The cutoff parameter \(\Lambda \) in the MF grand thermodynamic potential \( \Omega _{Q} \) provides a regularization scheme due to the non-renormalizability of the standard NJL model. In Eq. (19), (i, j, k) demonstrate any permutation of (u, d, s) quarks with \(\langle {\bar{q}}_{i}q_{i}\rangle \) being the ith quark condensate.
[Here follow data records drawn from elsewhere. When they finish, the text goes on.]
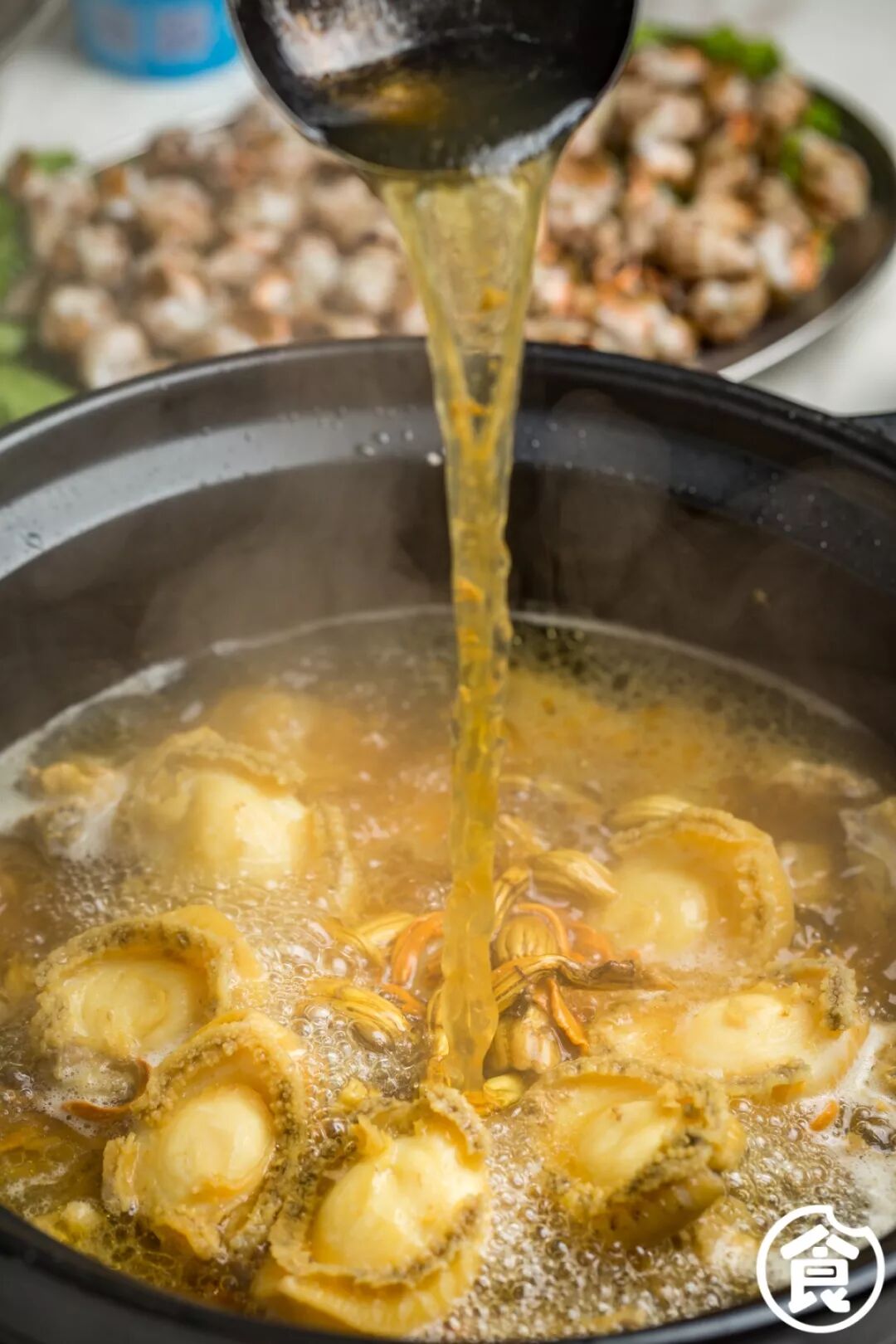 让鲍鱼、花螺、鸡肉的精华都化在汤汁里面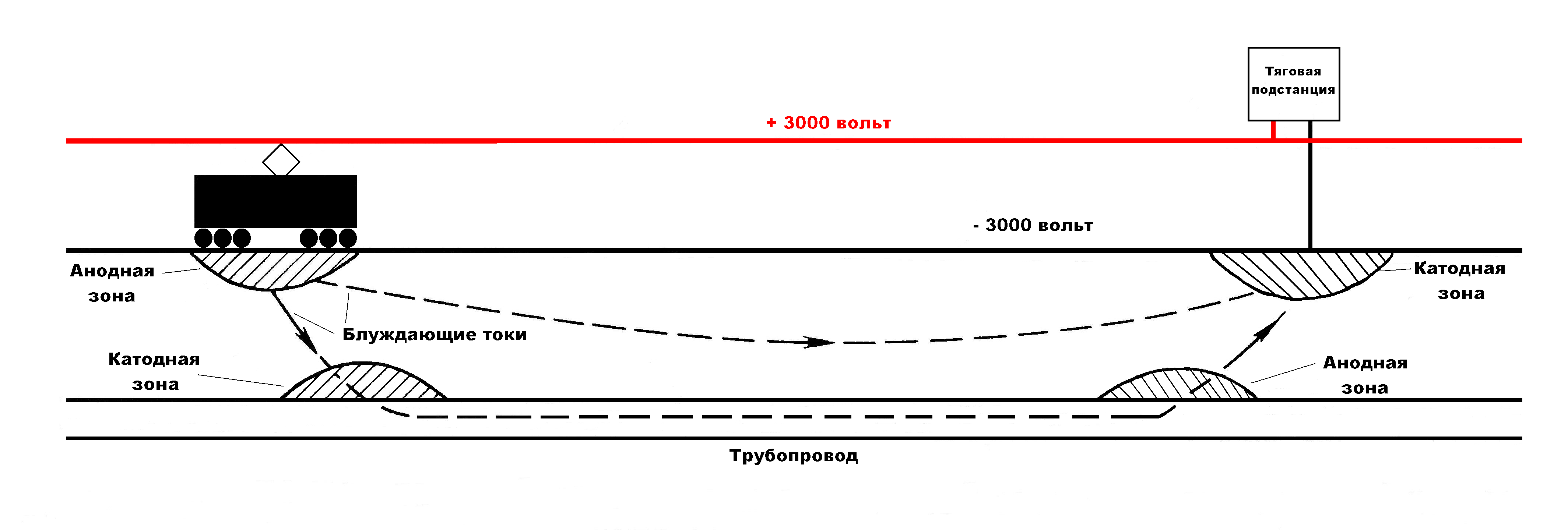Под колёсами электровоза образуется анодная зона, а на проходящем рядом трубопроводе — катодная зона (левая часть рисунка). Зоны на стыках анодной и катодной зон называются знакопеременными, потенциалы в них могут менять свою полярность. Также анодная и катодная зона образуется вблизи тяговой подстанции (правая часть рисунка). Наиболее интенсивно рельсы корродируют под колёсами электровоза, а подземные сооружения — у тяговых подстанций.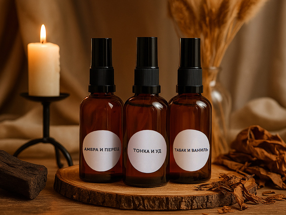 Эти ароматы идеально подходят для ежедневного использования и подарят любому пространству неповторимый шарм. Стеклянные флаконы добавляют набору элегантности и долговечности, а спрей позволяет равномерно распределять аромат, создавая идеальную атмосферу в любом помещении. Емкость каждого спрея - 50 мл.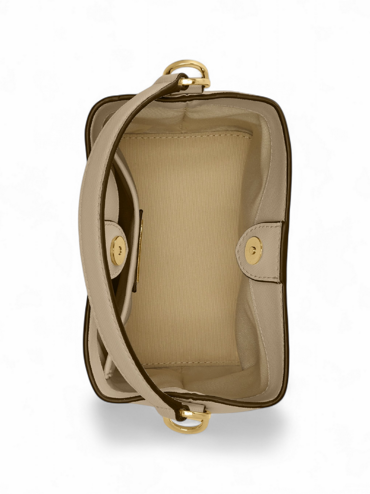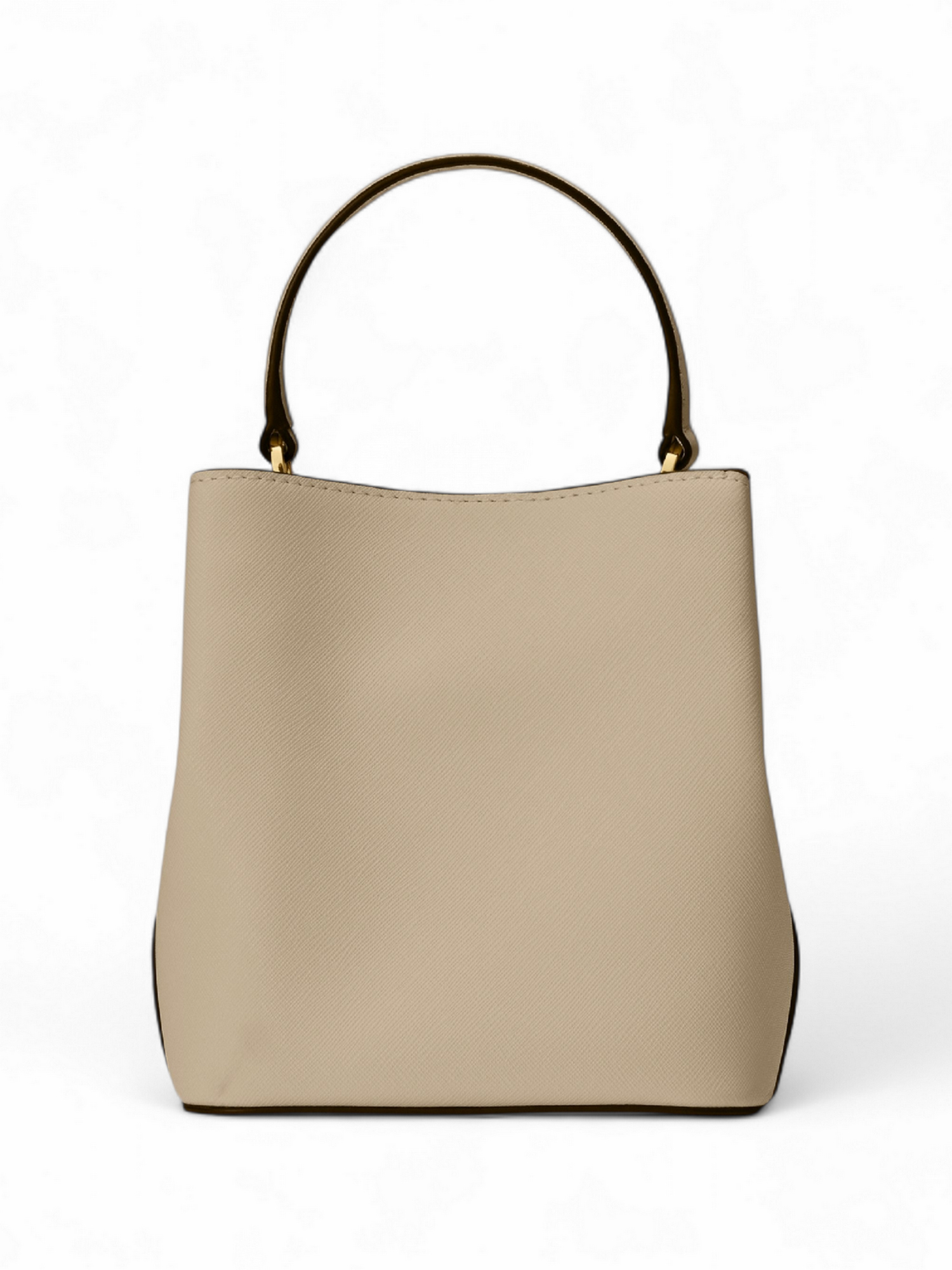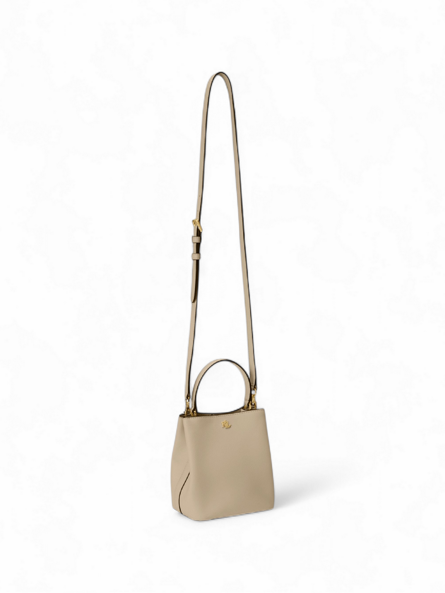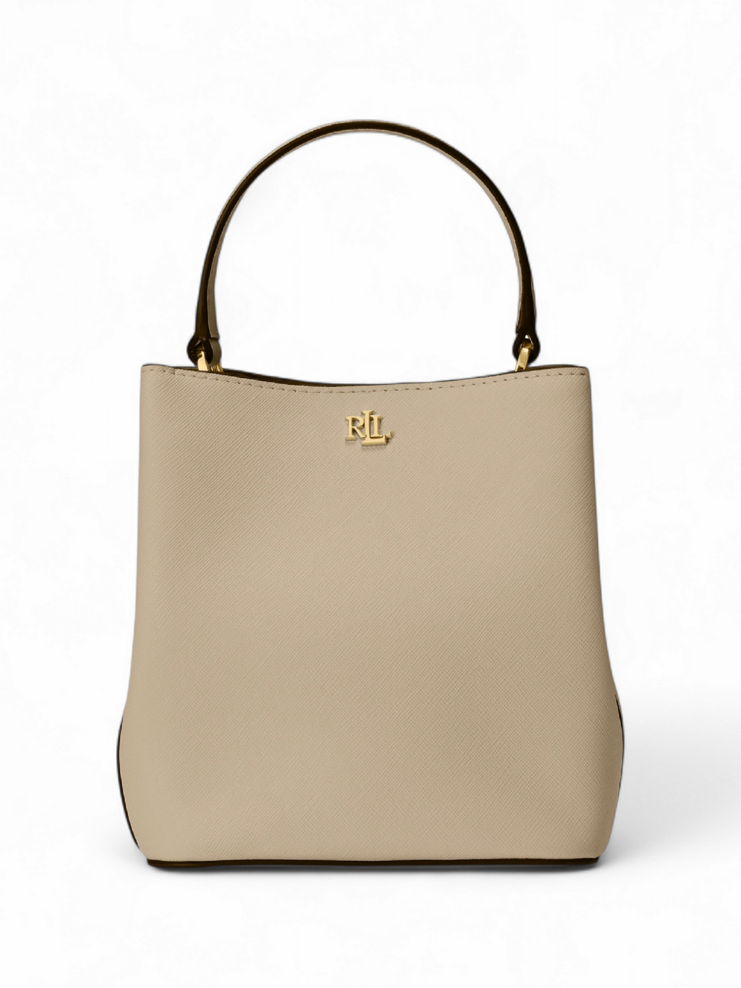 Borsa a secchiello in pelle con tracolla rimovibile e regolabile e logo "LRL" lucido sul davanti.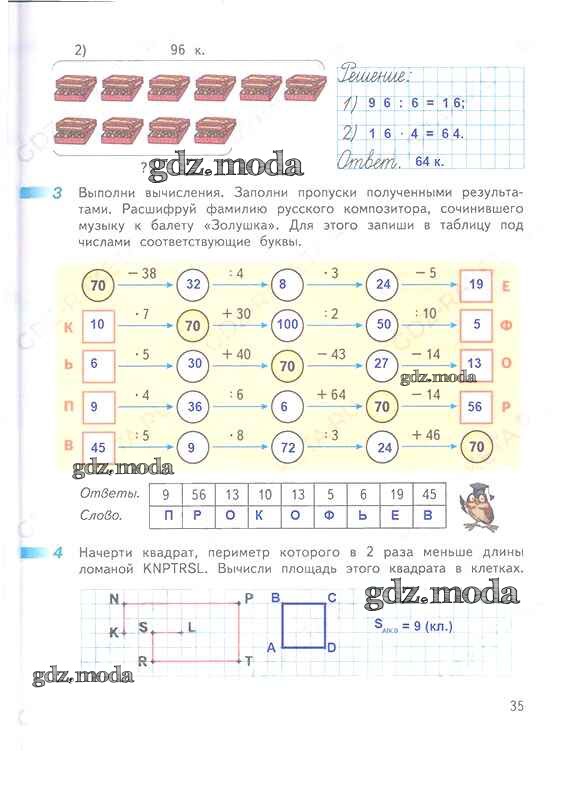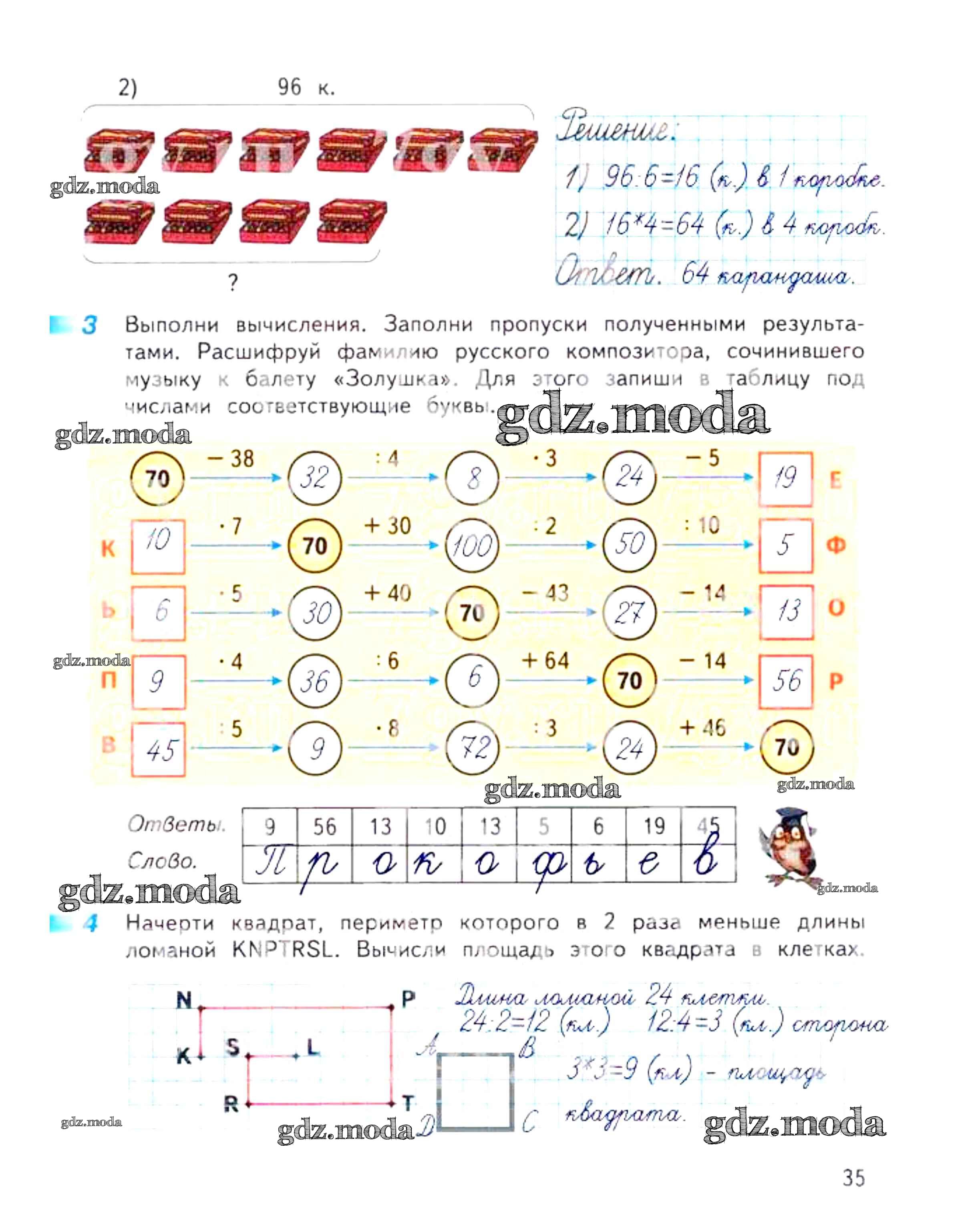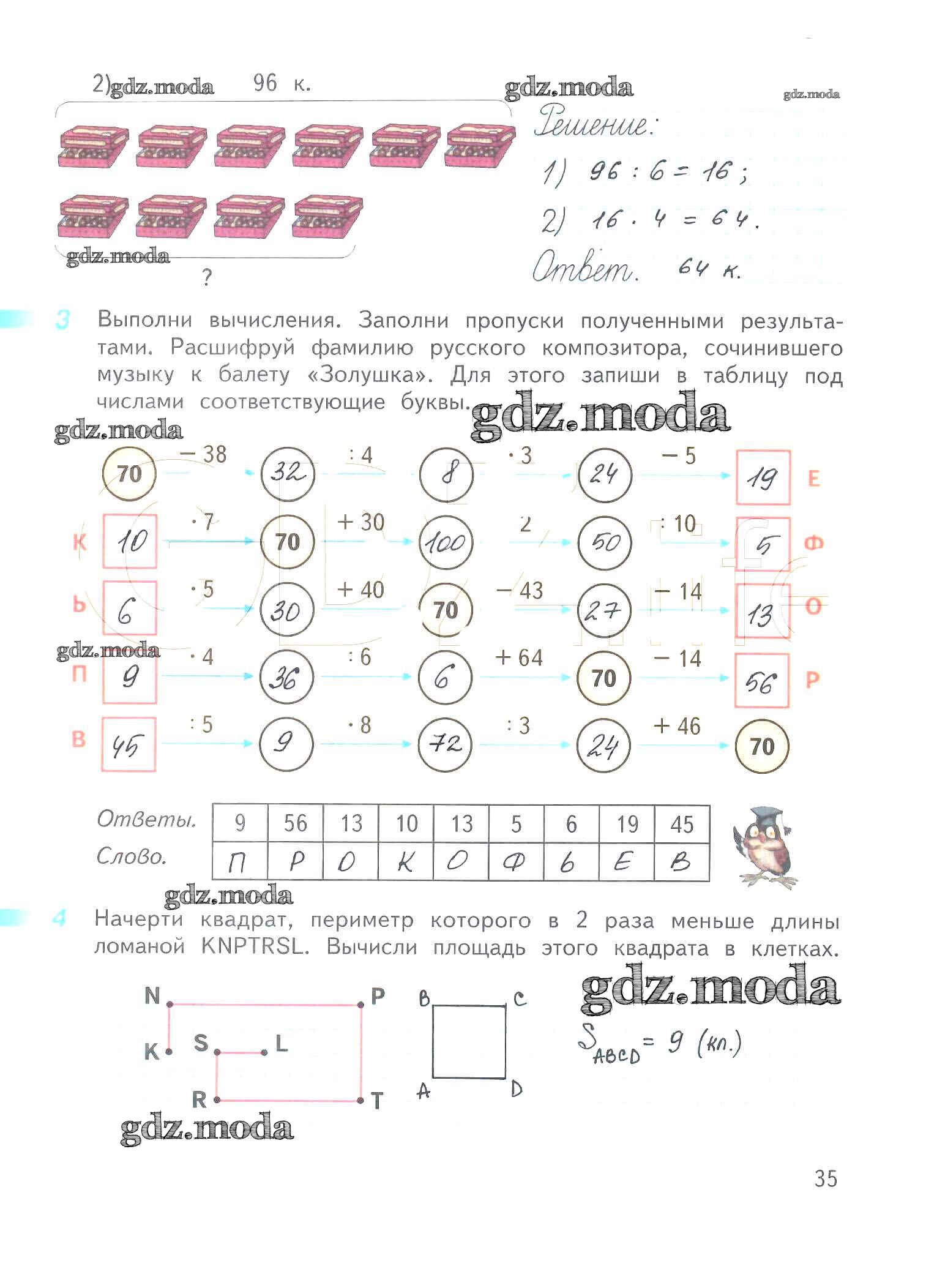 ОТВЕТ на задание № 35 Рабочая тетрадь по Математике 3 класс Дорофеев Перспектива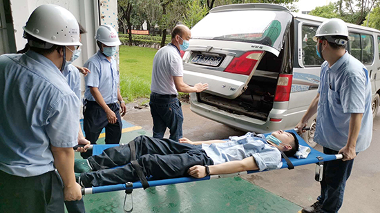 活动当天上午,开云线上平台·(中国)官方网站分厂杨兴科中暑晕倒后,在旁边的李华敏立即通知厂长戴荣星。戴荣星接到事故报告后迅速赶往现场并启动应急救援预案。随后,开云线上平台·(中国)官方网站安全员、警戒联络人员带着担架、毛巾、水、医药箱等,陆续到达现场,迅速将伤员移至过道。发现伤员呼吸浅快、脉搏细速、神志模糊、血压下降后,安全员初步判断为重度中暑症状,马上联系车送至就近医院进行治疗。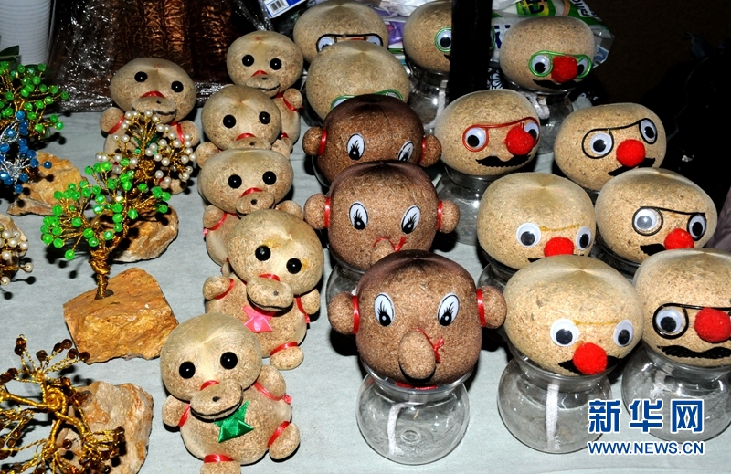 约旦彩虹街的手工艺品市场上,各种造型的水栽花。新华网发(程春香 摄)

In addition, \( \langle q_{i}^{\dagger } q_{i}\rangle \) in Eq. (20) is the ith quark number density \(\rho _{i}=\frac{(p_{F}^{i})^{3}}{\pi ^{2}} \) (where \( p_{F}^{i} \) stands for the association of the Fermi momentum). According to Eqs. (19) and (20), \( \langle {\bar{q}}_{i}q_{i}\rangle \) and \( \langle q_{i}^{\dagger } q_{i}\rangle \) are determined by minimizing \( \Omega _{Q} \) with respect to \( M_{i} \) and \( {\tilde{\mu }}_{i} \), respectively (\( \tilde{\mu _{i}}\leqslant \Lambda \)):

$$\begin{aligned}{} & {} \frac{\partial \Omega _{Q}}{\partial M_{i}}=0 \Rightarrow \left\langle {\bar{q}}_{i} q_{i}\right\rangle =-\frac{3}{\pi ^{2}} \int _{0}^{\Lambda } d p p^{2} \frac{M_{i}}{E_{p}^{\left( M_{i}\right) }} \bigg [1-\Theta \left( {\tilde{\mu }}_{i}-E_{p}^{\left( M_{i}\right) }\right) \bigg ], \end{aligned}$$

(21)

$$\begin{aligned}{} & {} \frac{\partial \Omega _{Q}}{\partial {\tilde{\mu }}_{i}}=0 \Rightarrow \left\langle q_{i}^{\dagger } q_{i}\right\rangle =\rho _{i}=+\frac{3}{\pi ^{2}} \int _{0}^{\Lambda } d p p^{2}\Theta \left( {\tilde{\mu }}_{i}-E_{p}^{\left( M_{i}\right) }\right) . \end{aligned}$$

(22)

The Beta-equilibrium conditions proposed for a neutral mixture of quarks and leptons can be read as

$$\begin{aligned}{} & {} 2y_{u^{+}}-\left( y_{e^{-}}+y_{\mu ^{-}}\right) -\left( y_{d^{-}}+y_{s^{-}}\right) =0, \end{aligned}$$

(23)

$$\begin{aligned}{} & {} \mu _{u^{+}}=\mu _{_{B}}-\dfrac{2\mu _{e^{-}} }{3}, \end{aligned}$$

(24)

$$\begin{aligned}{} & {} \mu _{d^{-}}=\mu _{s^{-}}=\mu _{_{B}}+\dfrac{\mu _{e^{-}} }{3}, \end{aligned}$$

(25)

$$\begin{aligned}{} & {} \mu _{e^{-}}=\mu _{u^{-}}, \end{aligned}$$

(26)

in which \(y_{(i=u,d,s)}=\frac{\rho _{i}}{3\rho _{_{B}}}\), and \(\mu _{_{B}}=\dfrac{2\mu _{d^{-}}+\mu _{u^{+}} }{3} \) denote the ith quark fraction, and baryonic chemical potential, respectively. Moreover, in Eqs. (24), (25), and (26), \(\mu _{_{B}} \) is taken as the baryonic chemical potential, used as an input to solve the coupled equations self-consistently. Eventually, the pressure P and energy density e for quark matter in beta-equilibrium are obtained as

$$\begin{aligned}{} & {} P_{}=P_{Q}+P_{L}, \end{aligned}$$

(27)

$$\begin{aligned}{} & {} e_{}=\sum _{k} \rho _{k} \mu _{k}-P_{}, \end{aligned}$$

(28)

in which, we assume the quark pressure \(P_{Q}=\Omega _{Q}^{0}-\Omega _{Q}\), utilizing \(\Omega _{Q}^{0}\) to guarantee the condition \(P_{Q}=0\) in the vacuum.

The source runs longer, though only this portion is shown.